How to implement one-vs-each approximation for big softmax

Hi, I’m new to pyro and struggling to figure out whether pyro is appropriate to replicate Francisco J. R. Ruiz, Susan Athey and David M. Blei’s paper ( ‘SHOPPER: A PROBABILISTIC MODEL OF CONSUMER CHOICE WITH SUBSTITUTES AND COMPLEMENTS’.

Now I’m stuck in one specific question about the inference of the model, the one-vs-each bound to approximate a big softmax. (page 31)

where eta is at page 10 (Sorry, new user is only allowed to post one figure, so I combine it to the right.)

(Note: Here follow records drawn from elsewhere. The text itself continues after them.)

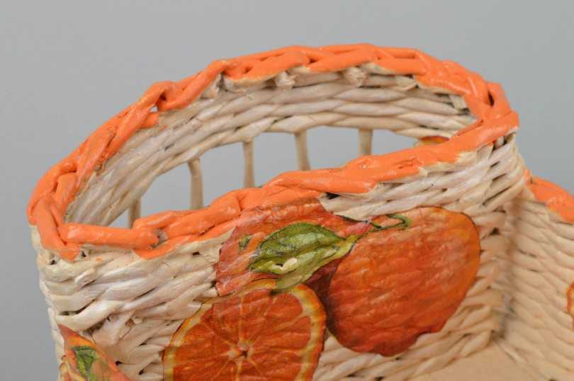 Когда высота достигнута, можно переходить к изготовлению ручек. Для этого по противоположным сторонам корзины делают подъемные ряды, имитирующие ручку. В конце работы трубочки обрезают и прячут внутрь, фиксируя клеем. Отделку корзины оформляют по своему желанию: зачастую это одноцветное разукрашивание акриловой краской.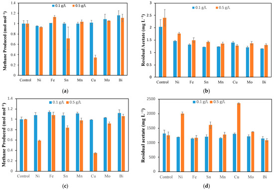 Figure 1d shows the residual acetate in the bottles after the end of the experiment. At 0.1 g L−1, comparable amounts of acetate were used for all the metal ions and control. However, at 0.5 g L−1, we see more residual acetate for Ni, Sn, and Cu. Table S1 (in Supplementary Materials) shows the amount of acetate used, the amount of CH4 produced, and the ratio of CH4 produced to acetate used. This ratio was about one for all the bottles at both concentrations, which is consistent with the expected reaction stoichiometry (Equation (5)), indicating that although Cu, Ni, and Sn reduced the rate of acetate conversion to CH4, the conversion stoichiometry of this microbial biotransformation was not affected. This also suggests that in the biotransformation of acetate, only CH4 is predominantly formed even though there were other microbial species present other than acetoclastic methanogen.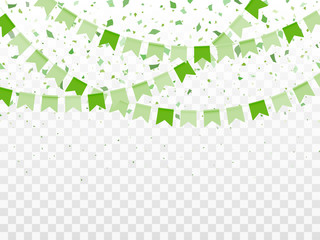 Irish holiday - happy Saint Patrick's Day background with garland flags, coins and balloons. Colorful festive bunting with clover. Vector illustration for greeting card, poster, celebration banner

Although within this context, I believe what is important is how to do this in pyro?
(the one-vs-each bound is introduced in paper ‘One-vs-each approximation to softmax for scalable estimation of probabilities’

Usually we will do:

pyro.sample(“eta”, dist.Categorical(logits), obs=data)

but with one-vs-each bound, we may do something like (I’m not sure):

pyro.sample(“eta”, dist.Binomial(logits), obs=data)

So, what should we use to scale the negative-sampled loss?
Should it be with pyro.plate()? Or shall we customize the ELBO?

I hope I make myself understood. Any help is appreciated~